Wednesday, August 10, 2016

FCC Regulations Are Pushing ISPs out of Broadband Infrastructure Market

Today, Hal Singer, a principal at Economists Incorporated, published an op-ed in Forbes discussing how Internet service providers (ISPs) are investing in capital outside of the broadband infrastructure market due to the FCC’s 2015 Open Internet Order. Mr. Singer shows that AT&T, Verizon, and Sprint have all decreased their capital expenditures by $1.9 billion, $1.2 billion, and $1.5 billion, respectively, from the first half of 2014 (before the FCC adopted the Open Internet Order) to the first half of 2016.

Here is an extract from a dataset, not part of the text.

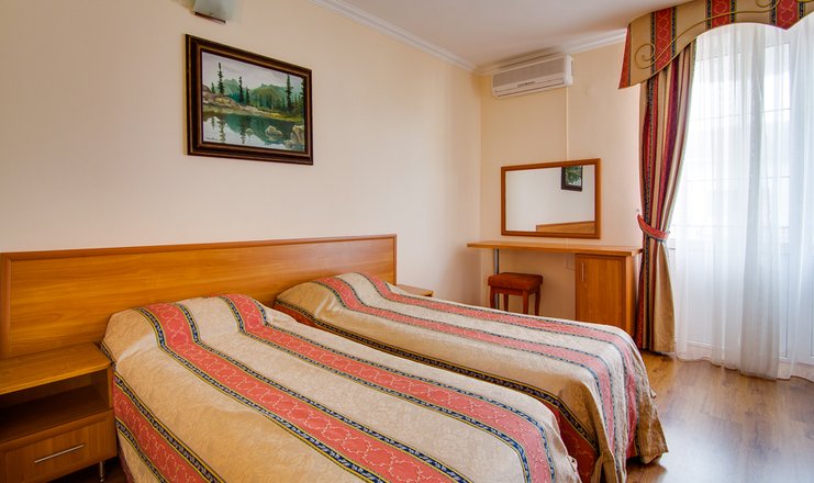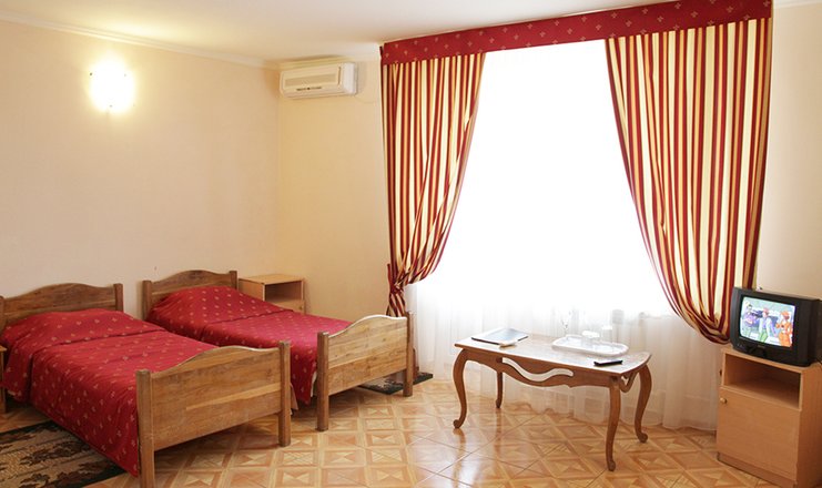 - 2-местные и 3-местные номера с удобствами. В номерах туалет, душ, телевизор, холодильник, кондиционер.

Mr. Singer also says that other FCC proposals are discouraging ISPs from investing broadband infrastructure. The proposal to pursue price controls for business data services would stifle the deployment of fiber. The FCC’s privacy NPRM would harm ISPs’ ability to sell targeted advertisements and offer “free” services to consumers. (See my Perspectives from FSF Scholars from earlier this month.) And the FCC’s set-top box NPRM would create barriers for ISPs to integrate themselves into the pay-TV market. Mr. Singer makes a convincing case that the FCC’s assault on broadband (he calls it “The Wheeler Tax”) is pushing ISPs out of the broadband infrastructure market and into the edge market. Do not be surprised if ISPs continue to purchase edge providers, like we have seen with Verizon’s recent purchases of Yahoo and AOL.